While high street brands such as Gap and Primark have long been the target of anti-sweat shop campaigners, luxury brands from Armani to Valentino have largely managed to evade the ethical spotlight and have yet to be inconvenienced by reputation-damaging sweatshop scandals.
What we’ve found is that luxury brands pay virtually no regard to corporate ethics and have yet to take even the first steps on reporting on the social and environmental impact of their operations.
Even fashion’s favourite ethical champion Stella McCartney came next to the bottom of our ethical rating table. Full marks for McCartney for championing animal rights but the bad news is that Gucci, the company that owns the brand, sanctions the use of fur in many of its other fashion brands. Gucci has neither an environmental nor supply chain policy in place.
It’s the same story for Vivienne Westwood, fashion’s other ethical pin-up company. Whilst Dame Vivienne may be personally committed to fighting climate change her company has no environmental policy in place to reduce the global warming impact of its operations.
We believe that it’s unacceptable to charge such high premiums for clothing which don’t have guarantees that they’ve been produced in a fair and responsible way, and we call on luxury brand companies to wake up to their ethical and environmental responsibilities.
The reality is that in terms of ethics, luxury clothing brands are now being outperformed by a number of high street clothing companies who sell clothing at vastly lower mark-ups.
In the latest Ethical Consumer buyers’ guide to high street clothes shops we gave Monsoon and New Look top rating for their supply chain policies, meaning that the companies have made at least a basic commitment to providing decent working conditions for their overseas workers.
Overall though, if you’re wanting to buy clothes which have been ethically produced, then you’re not going to find them anywhere on the high street. Instead go online to visit one of the 12 companies which we rated as being a best buy in our alternative clothes shops buyers’ guide, a list which includes Bishopston Trading, Gossypium and Greenfibres.

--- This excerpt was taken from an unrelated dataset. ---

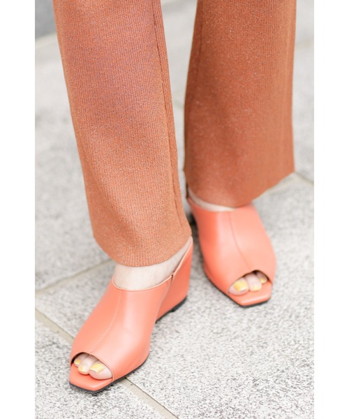 piu comoda・ピュ コモダより、女性らしいシルエットにこだわったウェッジソールタイプのミュールが登場。つま先がでるオープントゥに、足入れが楽なミュールデザインです。 甲を深めにおおっているので歩きやすさも◎軽量なのにソールにボリュームのあるデザインで、トレンド感のあるスタイルを作りやすいおススメの1足です。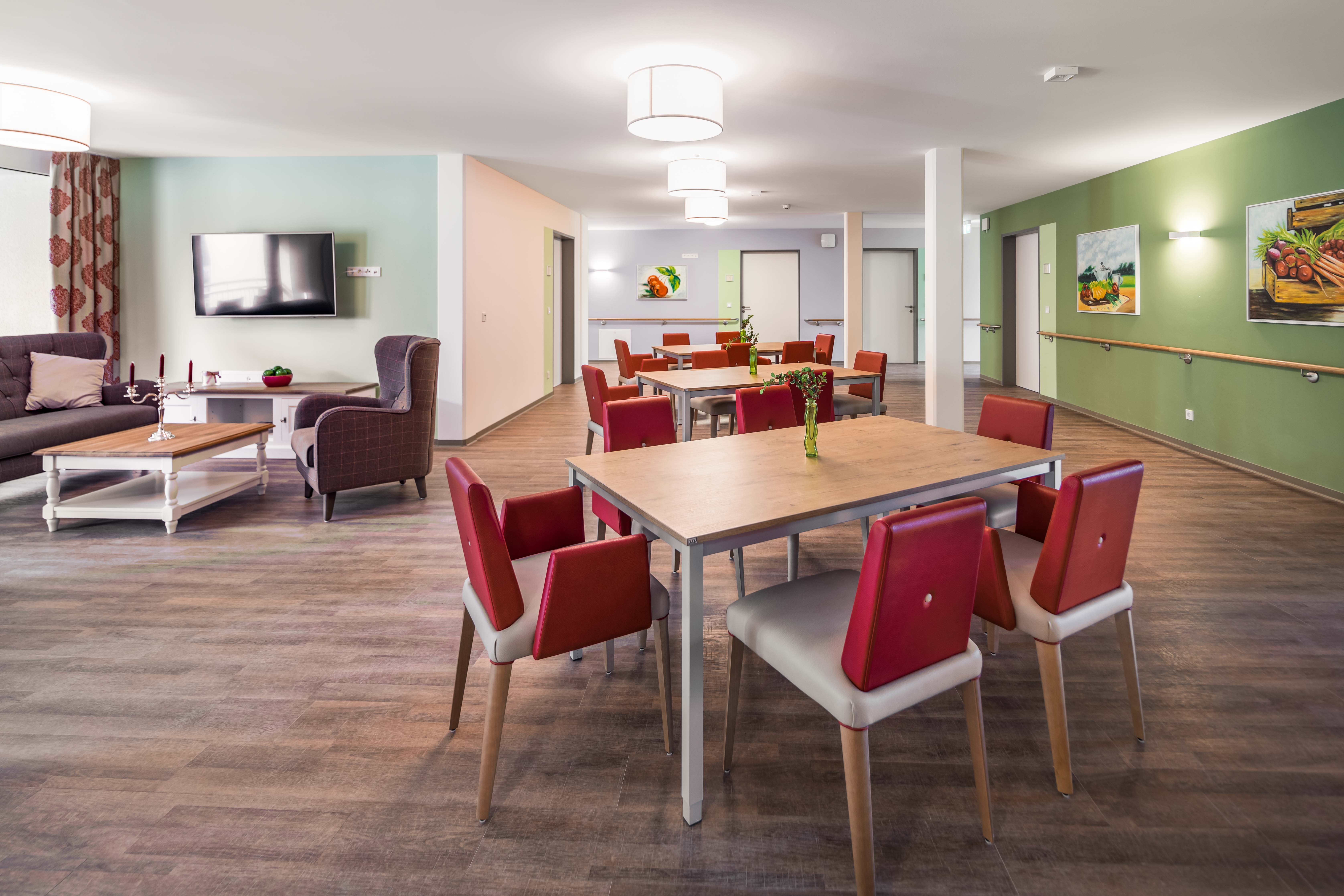Naturgemäß ist die Mobilität von pflegebedürftigen Menschen häufig mehr oder minder stark eingeschränkt. Farbdesignerin Martina Lehmann hat daher bei der Gestaltung der Innenräume besonderen Wert darauf gelegt, dass sich in jede Blickrichtung neue Farbeindrücke eröffnen. So ergibt sich auch bei eingeschränkter Beweglichkeit eine an die Außenwelt erinnernde Vielfalt von Eindrücken.

Further evidence that high street clothing companies have yet to step up to the ethical plate comes from clothing campaigners Labour Behind the Label.
Their report this week, Let’s Clean Up Fashion , shows that the workers who make the clothes for high street retailers still aren’t being paid a living wage, the rates of pay being so low that they can’t even afford to adequately feed, clothe or house their families.
Gap is singled out for particular criticism because in previous reports it has received a top grade. The company has recently backtracked on plans to work towards paying a living wage to workers and now will monitor payment only of a minimum wage, a figure which leaves workers struggling at the bottom of the poverty scale.
Sam Maher, one of the report’s authors, said:
“As London Fashion Week is revealed in all its glamour, nowhere is the disparity between the huge profits reaped by fashion retailers and the reality of poverty for garment workers overseas more apparent. It’s high time that fashion giants, such as Gap and H&M, took this seriously and committed to pay all their workers a living wage.”